Tech Time Warp of the Week: Watch Billy Idol Get Hip to the Newfangled Internet in 1993


Today, thanks to online services like Twitter, you send a note to Justin Bieber any time you like. The same goes for Lady Gaga, Rihanna, and hundreds of other pop stars.


But in 1993, when Billy Idol went online to chat with fans and promote his new album, Cyberpunk, the idea of a rock star directly interacting with the hoi polloi over the internet was unheard of. It was a bit of internet history, and you can relive it with the video above.


“This means I can be in touch with millions of people, but on my own terms,” Idol said of his fan-chat on an early online service called the Well.

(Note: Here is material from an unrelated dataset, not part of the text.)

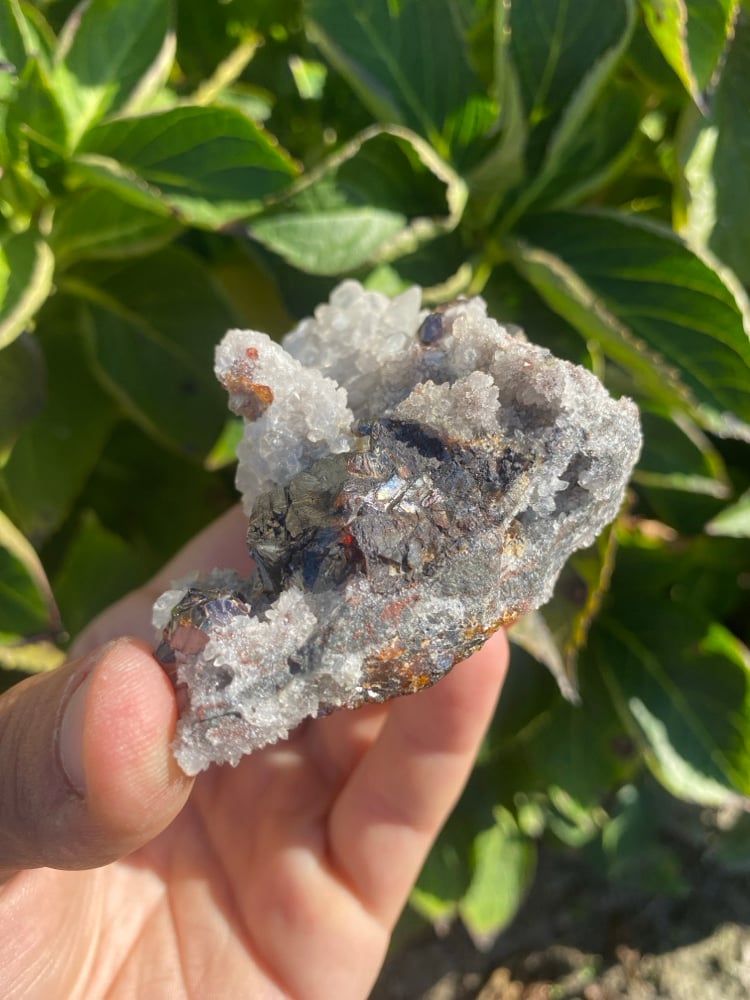 Gemmy red sphalerite with druzy quartz that displays beautiful red hues inside it on a heavy shiny galena matrix

In writing and recording his Cyberpunk album, Idol—who has been part of the first wave of punk rock two decades earlier—tapped journalists such as Mondo 2000 editor Gareth Branwyn and Boing Boing editor Mark Frauenfelder to advise him cyberpunk culture and ideology. He even based the opening track on a piece Branwyn wrote for Mondo. And the Well chat was meant to further tap this burgeoning universe.


But the album was was both a critical and commercial flop, and early netizens saw it as an attempt to co-opt cyberculture. Today, if it’s remembered at all, it’s remembered as a bit of early 1990s retrofuturist kitsch, along side movies like Lawnmower Man.


That said, Cyberpunk was ahead of its time. Idol recorded the album at his home studio using computers to gain more control over the production process. “I’d always really sort of worked through a team of a producer and an engineer, and in the end I think really you felt like you weren’t getting as close to your ideas as you could be,” he said.


Today’s it’s standard practice for musicians to record at least parts of their albums on laptops using applications like ProTools. But, just like chatting with fans online, this was brand new in 1993.


Yet what is now considered business as usually was dismissed as being gimmicky at the time. Sometimes we don’t recognize the future when it’s staring us right in the face.